__Prompt__: Pictures aside, copy exactly each line from the one that holds "C:\Windows\Pol" through the last line of the records below.

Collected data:
##############################

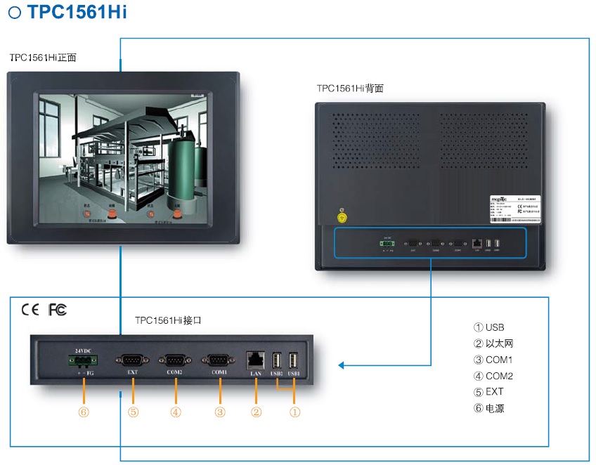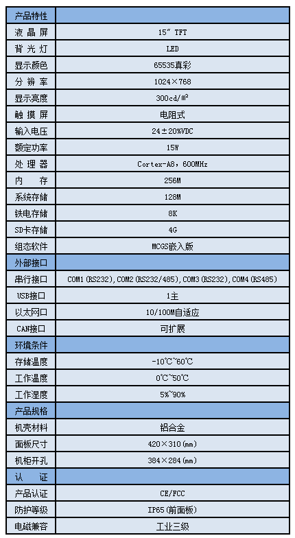 TPC1561Hi,是一套以先进的Cortex-A8 CPU为核心(主频600MHz)的高性能嵌入式一体化触摸屏。该产品设计采用了15英寸高亮度TFT液晶显示屏(分辨率1024×768),四线电阻式触摸屏(分辨率4096×4096),以及具有良好的电磁屏蔽性,美观坚固的铝合金结构。同时还预装了MCGS嵌入式组态软件(运行版),具备强大的图像显示和数据处理功能。
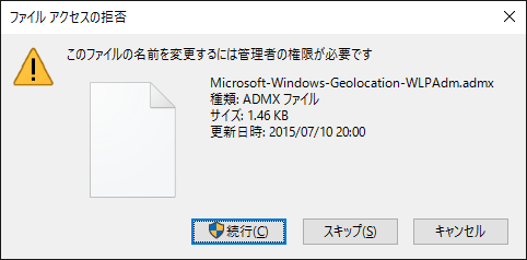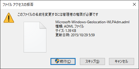 C:\Windows\PolicyDefinitions\ja-jp\Microsoft-Windows-Geolocation-WLPAdm.adml を削除します。
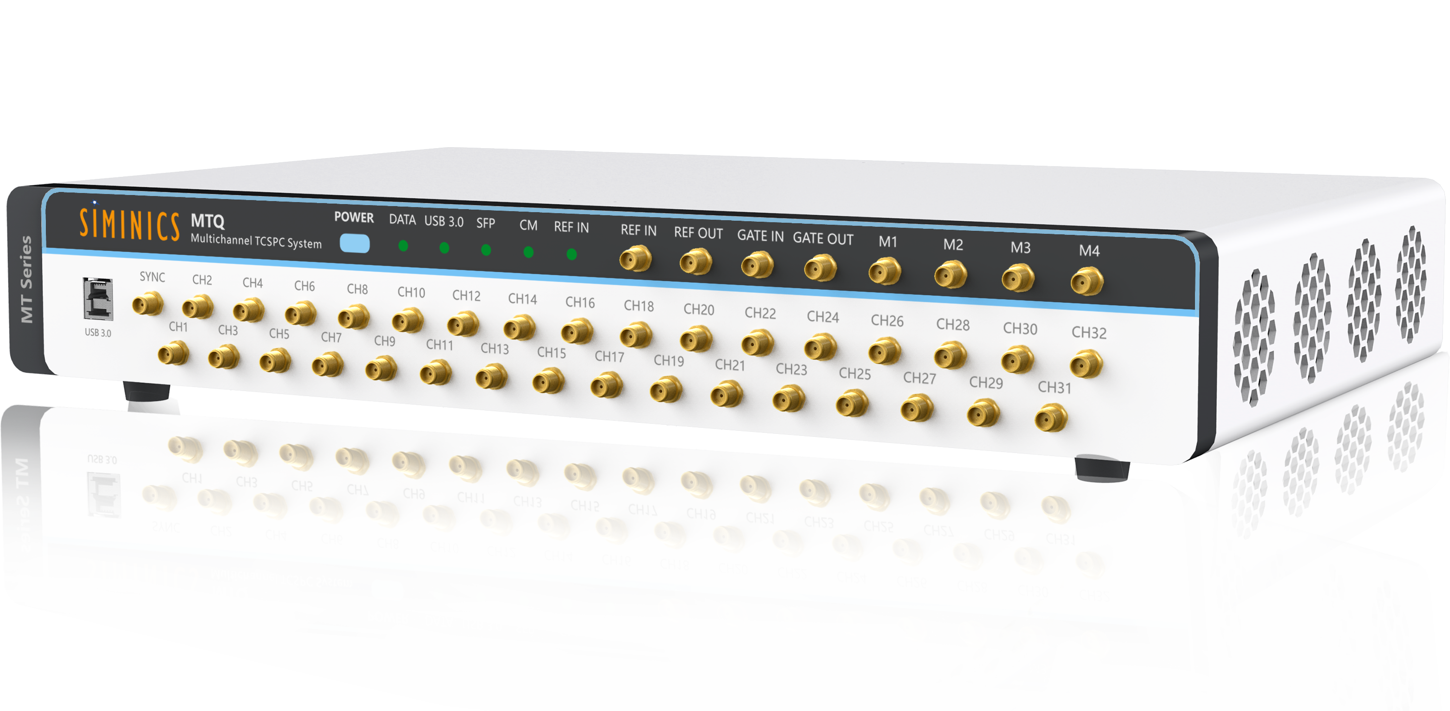 MTQ是星秒科技最新的多通道高带宽时间相关单光子计数系统。基于先进的时间测量芯片方案,MTQ最多可支持32通道的并行测量;采用高速光学传输接口,其数据传输带宽达到创纪录的40Gbit/s,可以支持高达1G/s的光子事件传输率。在此基础上,MTQ依然保持着优异的时间特性,其最小时间分辨率低至1ps, 通道RMS时间抖动小于8ps。非常适合高速高密度的光子信号测量场景,例如高分辨激光雷达成像、高速量 子保密通信、多光子纠缠、荧光寿命成像等应用。
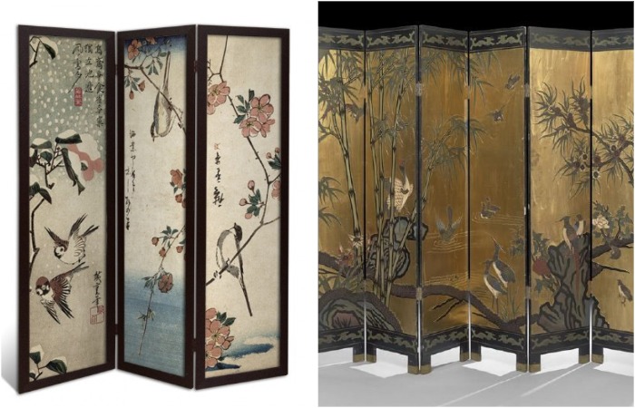 Особую роль в создании атмосферы играютширмы «сёдзи». Изначально их использовали для зонирования, но со временем они взяли на себя еще одну роль: роль декора. Ширмы начали украшать рисунками, текстами и каллиграфией.
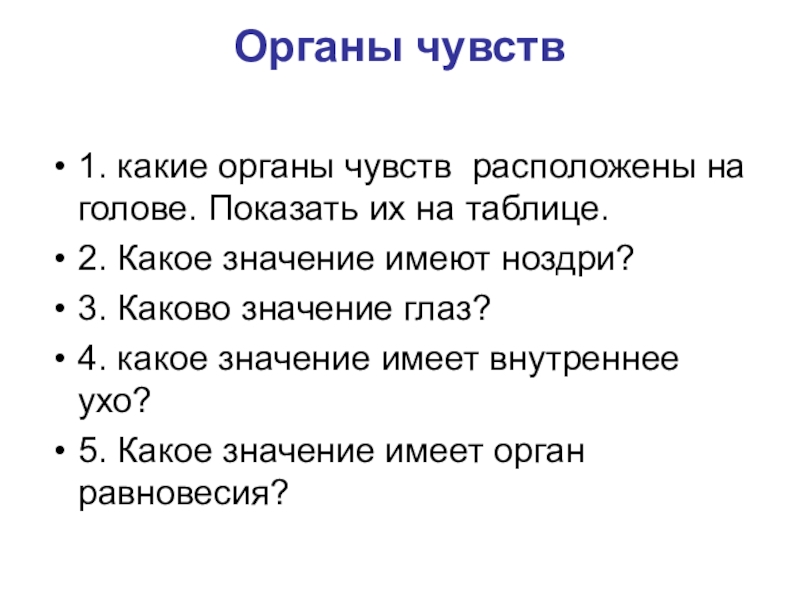 1. Какие органы расположены на голове. Покажите их на таблице.
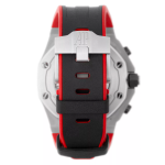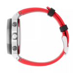 Bracelet: Two-tone black and red rubber strap with stainless steel pin buckle

##############################

__Your response__:
 C:\Windows\PolicyDefinitions\ja-jp\Microsoft-Windows-Geolocation-WLPAdm.adml を削除します。
 MTQ是星秒科技最新的多通道高带宽时间相关单光子计数系统。基于先进的时间测量芯片方案,MTQ最多可支持32通道的并行测量;采用高速光学传输接口,其数据传输带宽达到创纪录的40Gbit/s,可以支持高达1G/s的光子事件传输率。在此基础上,MTQ依然保持着优异的时间特性,其最小时间分辨率低至1ps, 通道RMS时间抖动小于8ps。非常适合高速高密度的光子信号测量场景,例如高分辨激光雷达成像、高速量 子保密通信、多光子纠缠、荧光寿命成像等应用。
 Особую роль в создании атмосферы играютширмы «сёдзи». Изначально их использовали для зонирования, но со временем они взяли на себя еще одну роль: роль декора. Ширмы начали украшать рисунками, текстами и каллиграфией.
 1. Какие органы расположены на голове. Покажите их на таблице.
 Bracelet: Two-tone black and red rubber strap with stainless steel pin buckle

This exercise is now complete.